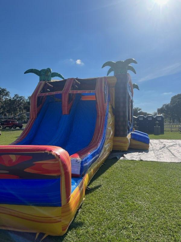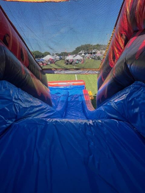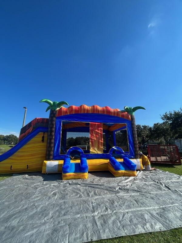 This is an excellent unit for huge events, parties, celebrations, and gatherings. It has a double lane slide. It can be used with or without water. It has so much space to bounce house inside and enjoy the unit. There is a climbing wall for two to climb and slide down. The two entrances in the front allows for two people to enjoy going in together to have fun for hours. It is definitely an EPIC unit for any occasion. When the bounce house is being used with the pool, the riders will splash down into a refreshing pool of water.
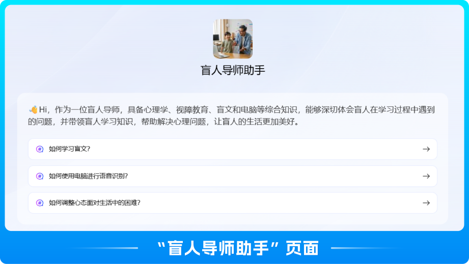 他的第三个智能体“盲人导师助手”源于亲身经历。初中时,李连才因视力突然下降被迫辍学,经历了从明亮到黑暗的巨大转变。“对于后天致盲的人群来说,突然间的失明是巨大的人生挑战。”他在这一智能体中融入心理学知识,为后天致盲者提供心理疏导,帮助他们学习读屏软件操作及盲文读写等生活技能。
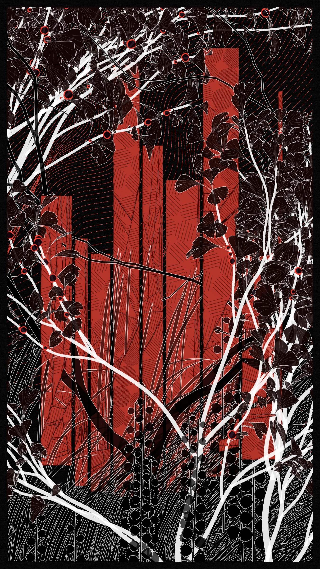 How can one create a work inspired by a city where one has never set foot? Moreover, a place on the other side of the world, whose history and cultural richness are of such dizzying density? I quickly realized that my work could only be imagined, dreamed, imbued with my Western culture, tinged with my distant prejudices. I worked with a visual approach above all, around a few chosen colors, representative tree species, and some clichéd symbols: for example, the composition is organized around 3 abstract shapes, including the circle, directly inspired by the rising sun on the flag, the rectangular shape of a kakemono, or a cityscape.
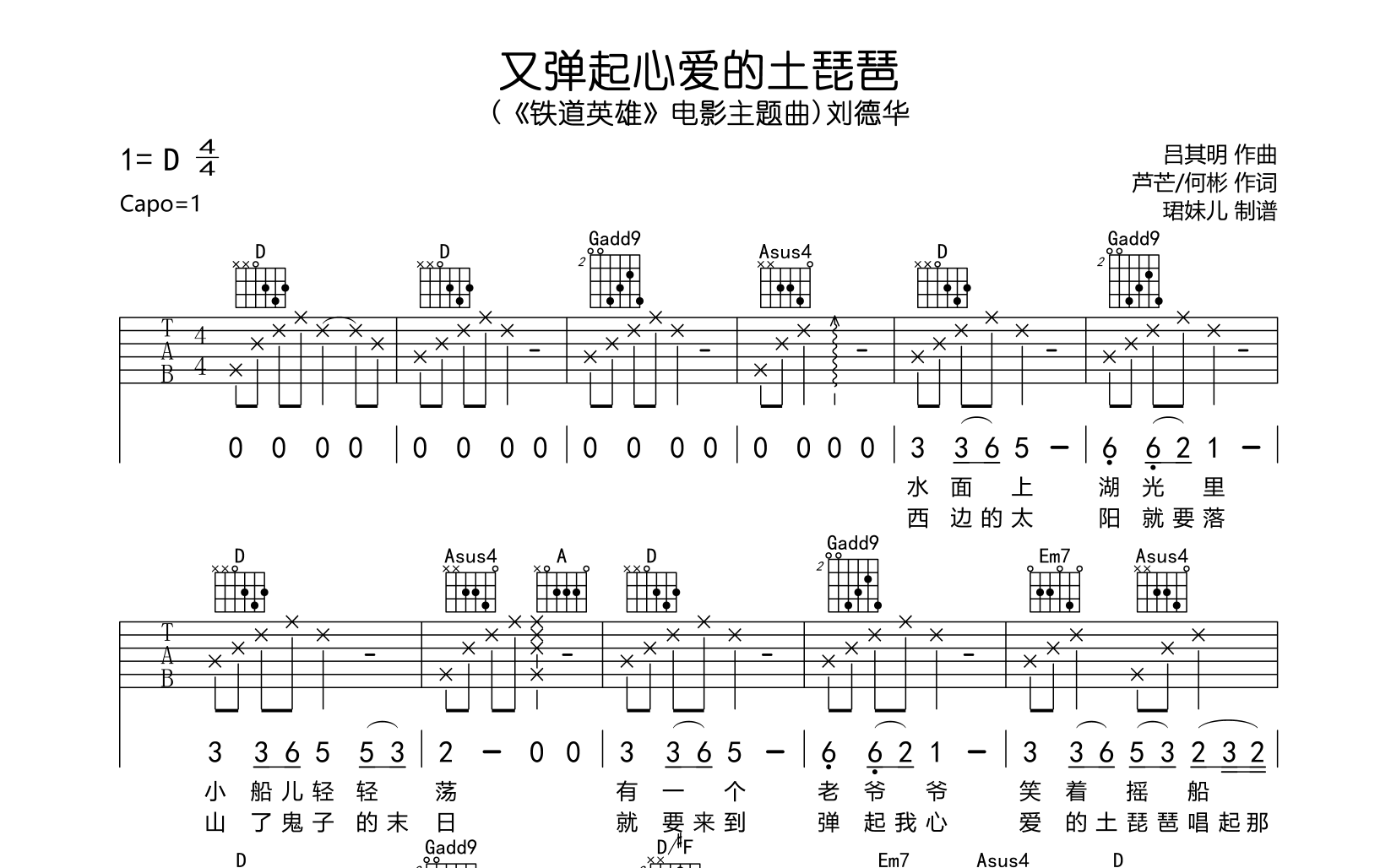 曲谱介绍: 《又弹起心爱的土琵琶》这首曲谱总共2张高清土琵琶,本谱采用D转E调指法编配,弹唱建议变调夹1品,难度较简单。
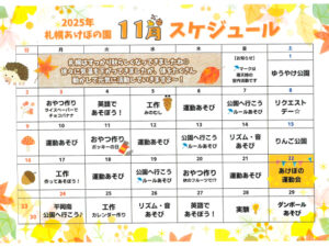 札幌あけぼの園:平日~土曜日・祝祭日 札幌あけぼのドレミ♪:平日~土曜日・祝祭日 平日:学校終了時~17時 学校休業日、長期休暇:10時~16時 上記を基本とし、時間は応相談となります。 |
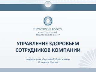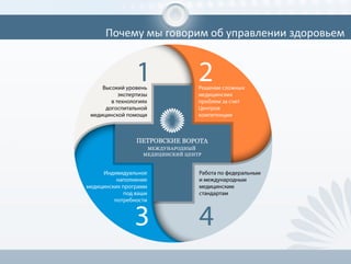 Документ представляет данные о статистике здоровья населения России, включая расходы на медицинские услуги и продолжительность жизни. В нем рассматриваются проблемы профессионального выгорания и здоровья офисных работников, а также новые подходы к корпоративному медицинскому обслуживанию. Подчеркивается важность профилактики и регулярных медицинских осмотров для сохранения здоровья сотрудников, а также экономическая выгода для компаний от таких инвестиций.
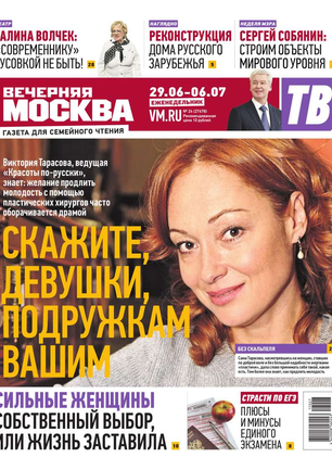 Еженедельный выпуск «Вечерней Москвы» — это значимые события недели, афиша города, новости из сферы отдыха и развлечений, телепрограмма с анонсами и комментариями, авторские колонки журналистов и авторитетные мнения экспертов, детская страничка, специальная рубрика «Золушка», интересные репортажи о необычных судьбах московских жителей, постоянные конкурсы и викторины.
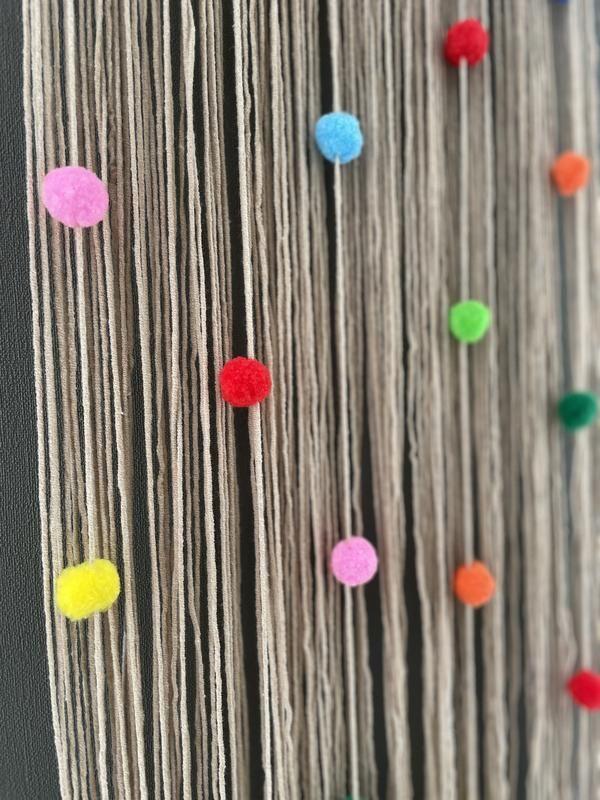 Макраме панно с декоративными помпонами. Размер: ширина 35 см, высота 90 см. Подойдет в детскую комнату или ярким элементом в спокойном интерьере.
==
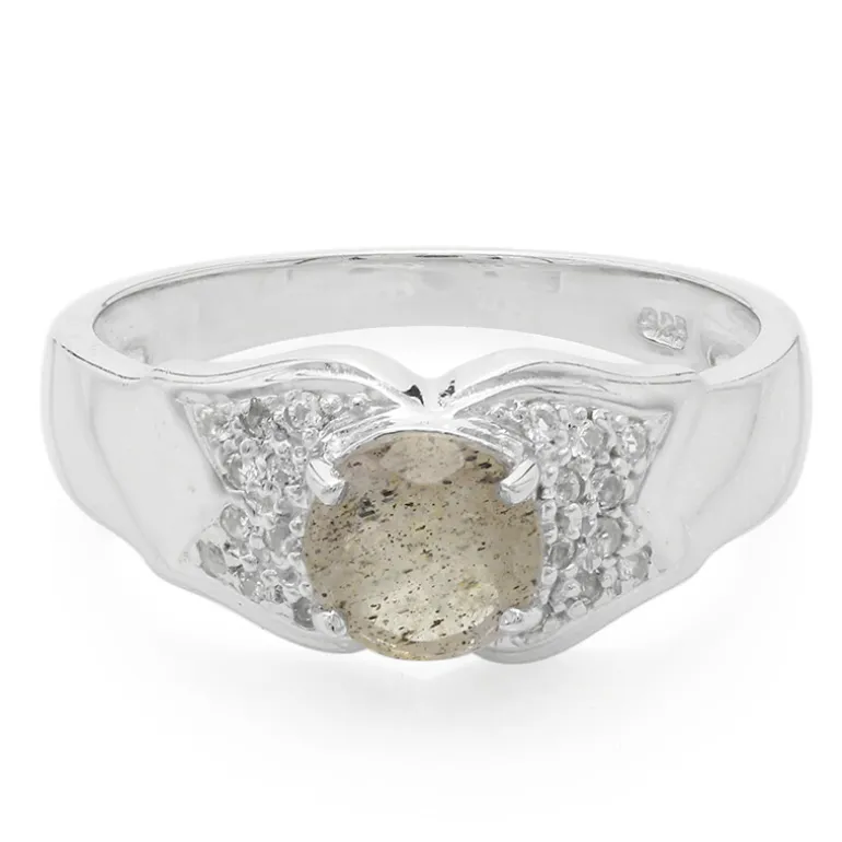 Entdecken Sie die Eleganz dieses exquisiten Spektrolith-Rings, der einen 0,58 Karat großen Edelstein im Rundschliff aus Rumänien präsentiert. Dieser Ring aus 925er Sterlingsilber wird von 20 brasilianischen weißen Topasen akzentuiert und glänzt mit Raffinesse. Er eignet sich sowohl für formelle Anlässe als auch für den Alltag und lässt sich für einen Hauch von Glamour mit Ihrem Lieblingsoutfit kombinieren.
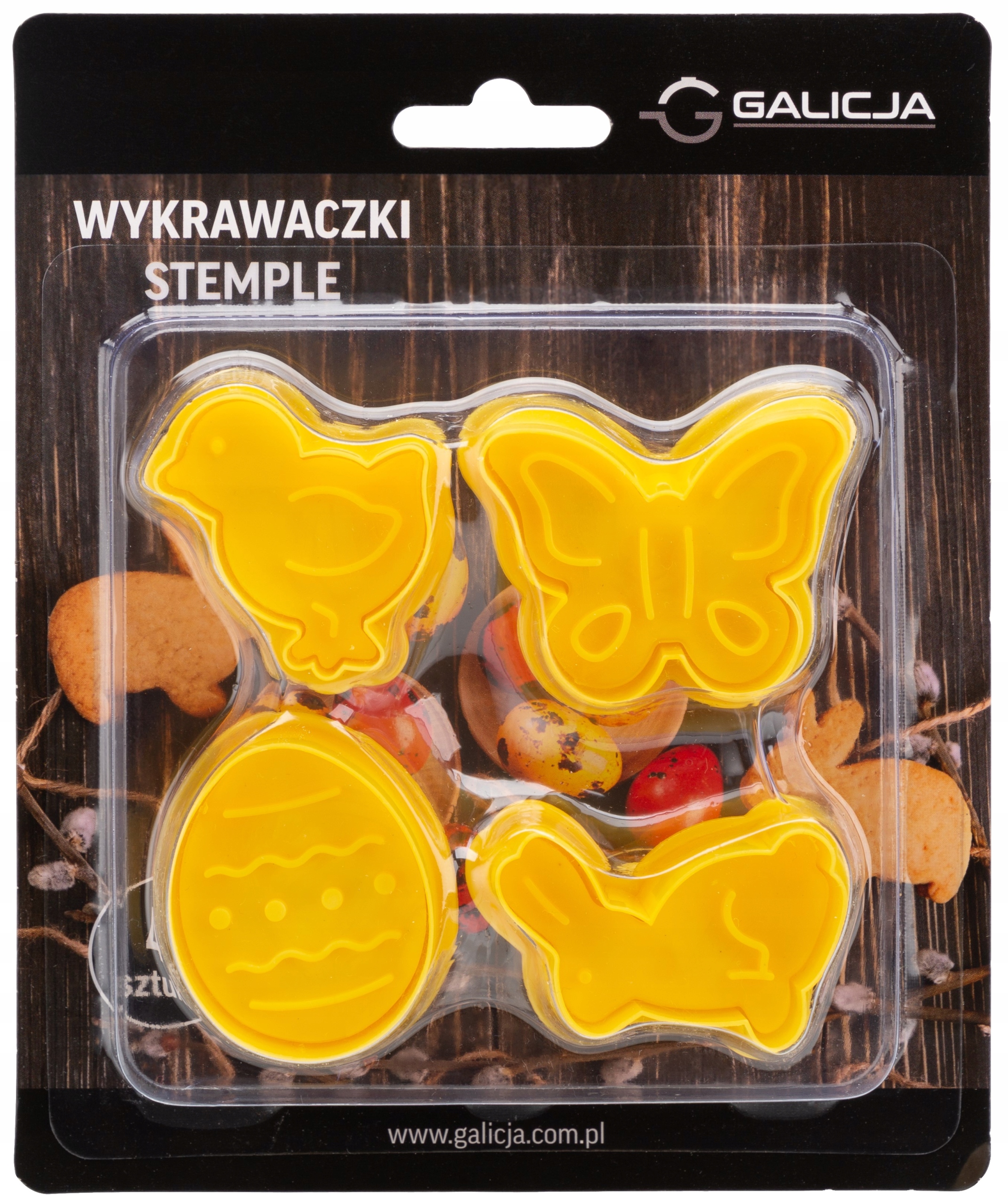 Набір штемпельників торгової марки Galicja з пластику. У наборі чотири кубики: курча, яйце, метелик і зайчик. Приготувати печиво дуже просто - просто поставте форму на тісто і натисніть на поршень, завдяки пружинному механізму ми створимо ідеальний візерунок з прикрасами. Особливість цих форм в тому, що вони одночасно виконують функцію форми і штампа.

- [Task objective]: In the entries above, which lines run from the one with "曲谱介绍: 《又弹起心爱的土" up to and including the one with "札幌あけぼの園:平日~土曜日・祝祭日 札幌あけぼのドレミ♪:平日~土曜日・祝祭日 平日:学校終了時~17時"? Write them out exactly, without the pictures.

- [Answer to the problem]:
 曲谱介绍: 《又弹起心爱的土琵琶》这首曲谱总共2张高清土琵琶,本谱采用D转E调指法编配,弹唱建议变调夹1品,难度较简单。
 札幌あけぼの園:平日~土曜日・祝祭日 札幌あけぼのドレミ♪:平日~土曜日・祝祭日 平日:学校終了時~17時 学校休業日、長期休暇:10時~16時 上記を基本とし、時間は応相談となります。 |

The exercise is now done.